Fig. 5. Example for High Temperature Electronics[8]
Fig. 6. Example for High Temperature Electronics[8]
Current estimates suggest that these electronics can survive 500°C for at least tens of hours. NASA GRC has demonstrated that a packaged SiC transistor amplifier circuit operation for 1000 hours at 500 degrees C. This group has also demonstrated 1GHz Oscillator antenna transmission with CREE MESFET at 270 degrees Celsius. From above information, the current state of the art technology does not satisfy the mission temperature requirement 462°C for the mission duration of 3024hrs. As such, the lander will require an active cooling system to lower the temperature in our lander to a manageable level. This cooling system is described in the power and cooling systems section of the mission report.
Points of Failure
Active cooling system determines the normal operation of all electronics. So, for successful mission, it is critical to guarantee high reliability of active cooling system.

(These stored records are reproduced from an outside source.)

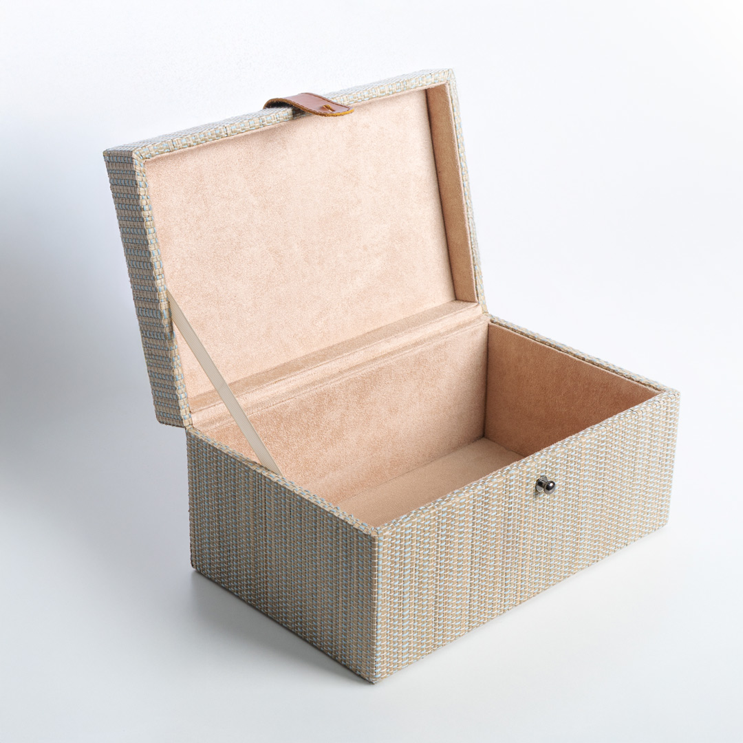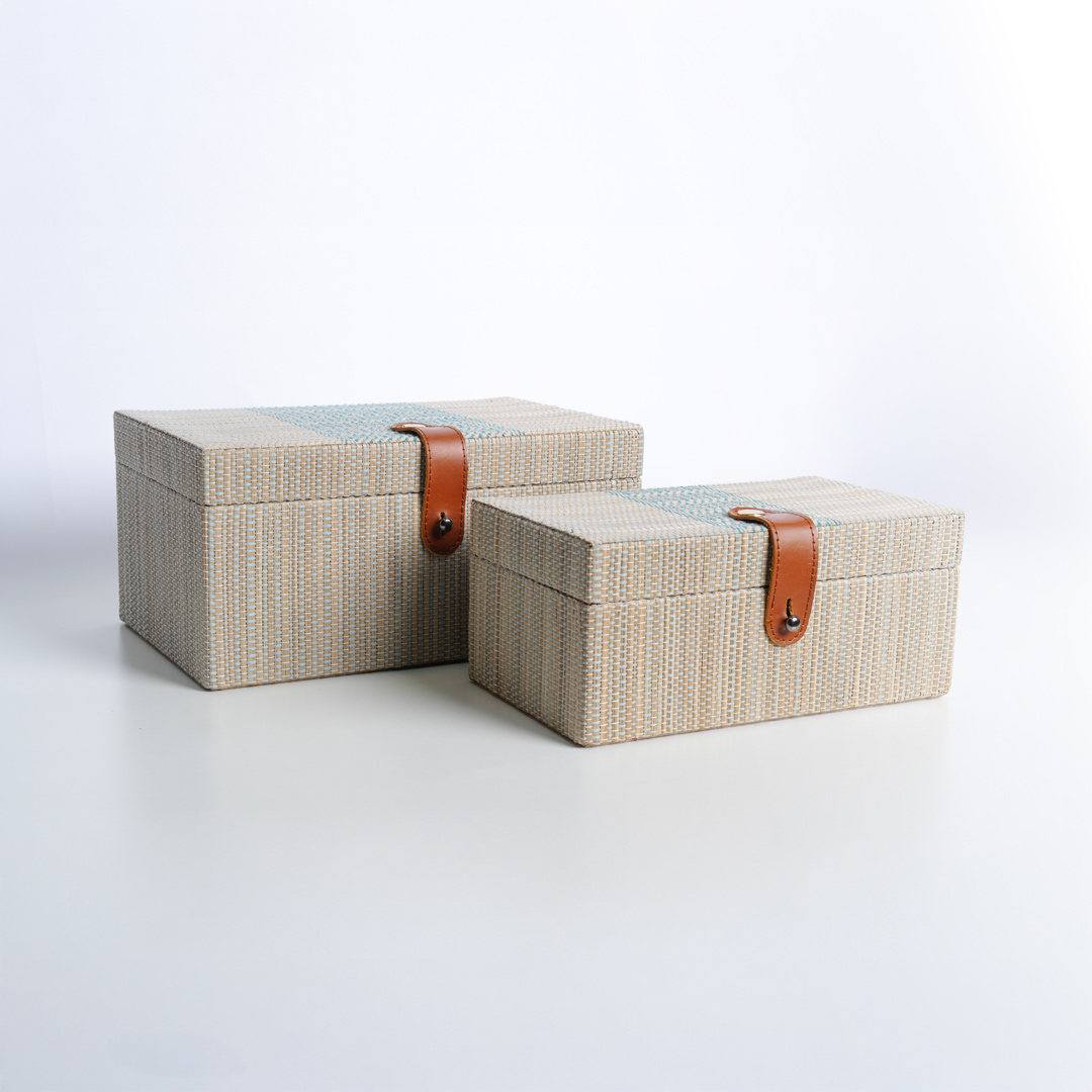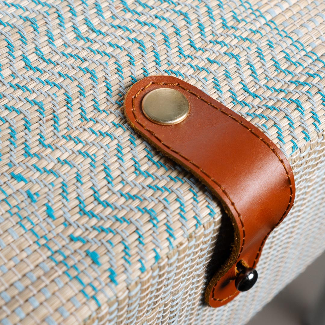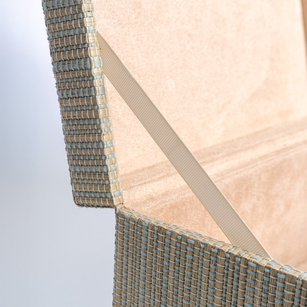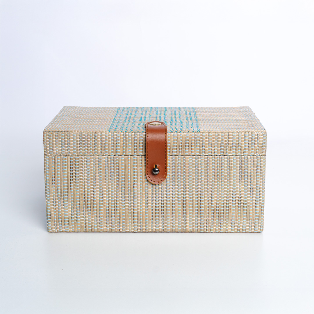 MDF-structured box fully wrapped in woven mendong, featuring an inner lining made of suede for a soft and luxurious feel. The top lid is supported by hinges and a ribbon tie on the left side, providing stability when opened and closed. The genuine leather handle adds a finishing touch that reinforces the premium impression and durability. Both functional and decorative, it's perfect for storing personal items, gift boxes, or high-end interior accessories.
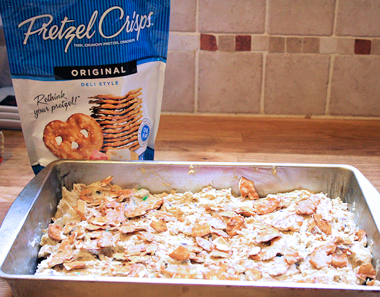After the pan is greased, line it with a layer of the whole Pretzel Crisps®.
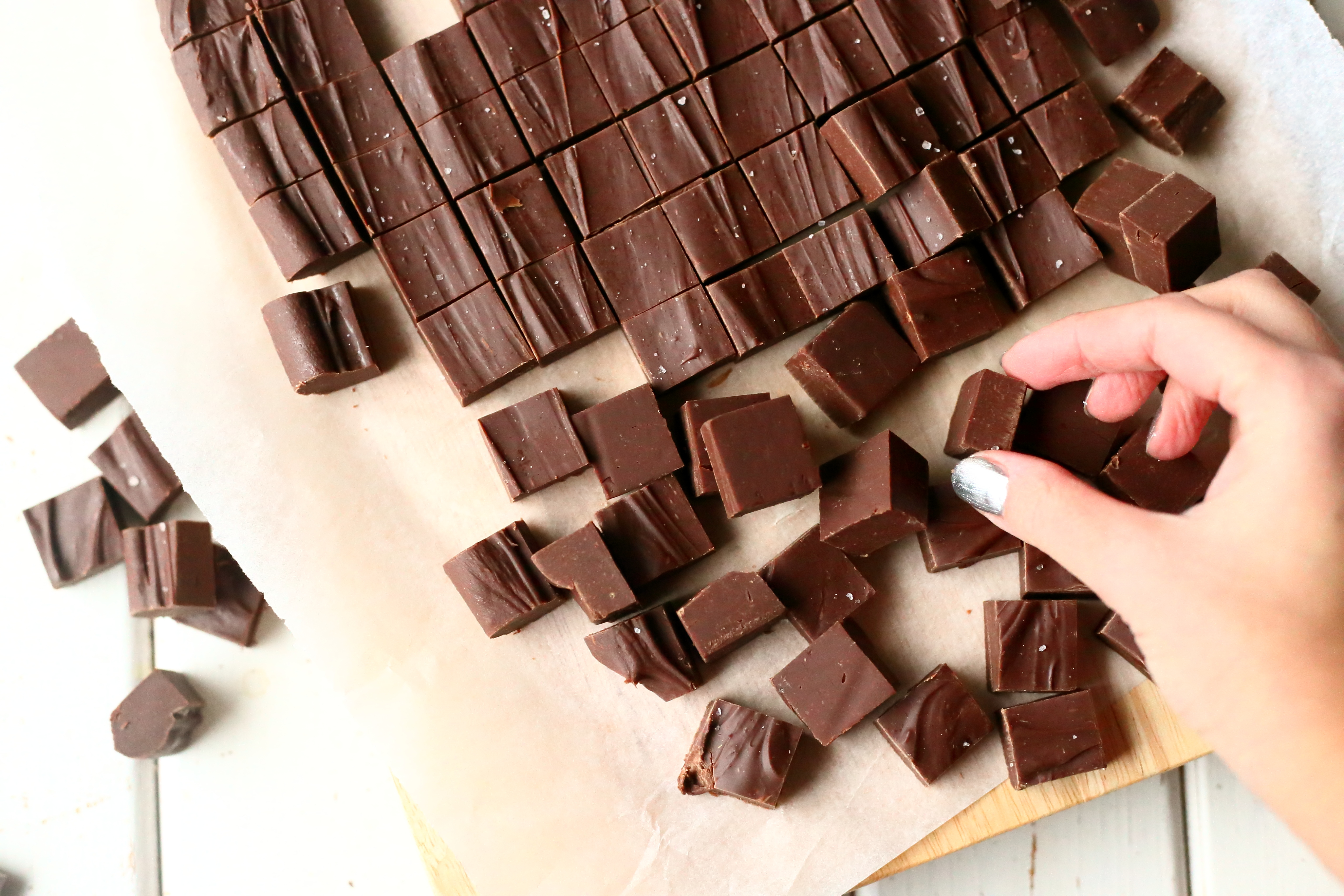 Levitä suklaaseos noin 20 cm x 25 cm alalle. Mitä pienemmälle alalle levität sen, sitä paksumpia fudgeista tulee. Ja päinvastoin, mitä laajemmalle alalle suklaaseos levittyy, sitä ohuempia fudgeista tulee. Jätä fudge ensin huoneenlämpöön jäähtymään ja nosta jäähdyttyään jääkaappiin jähmettymään. Leikkaa jähmettynyt suklaafudgelevy paloiksi ja eikun nautiskelemaan.

[1] "What is space radiation?," Space Radiation Analysis Group, Johnson Space Center, Last updated: April 2013. http://srag.jsc.nasa.gov/SpaceRadiation/What/What.cfm
[2] "Space Radiation Protection," NASA SP-8054, June 1970.
[3] Luhmann, J.C., and Russell, C.T., "Venus:Magnetic Field and Magnetosphere," Encyclopedia of Planetary Sciences, 1997.
http://www-ssc.igpp.ucla.edu/personnel/russell/papers/venus_mag/
[4] Petkov, M.P., "Effects of Space Environment on Electronic Components," NASA, Jan 2003.
[5] "Survivable Systems for Extreme Environments," Jet Propulsion Laboratory, NASA, Retrieved: July 2013. "http://scienceandtechnology.jpl.nasa.gov/research/ResearchTopics/topicdetails/?ID=57
[6] Dyson, Rodger W., and Bruder, Geoffery A, “Progress Towards the Development of a Long-Lived Venus Lander Duplex System,” NASA Glenn Research Center Thermal Energy Conversion Branch, 8th AIAA EICEC Session 126-APS-4, July 27, 2010.
[7] "Extreme Environments Technologies for Future Space Science Missions," JPL D-32832, September 2007.
[8] Hunter, Gary W., "Long-lived VENUS Lander Technolgies: A Brief Discussion Of Technologies Relevant To Long-lived Landers For Venus Exploration," NASA Glenn Research Center, Cleveland, OH, October 2009.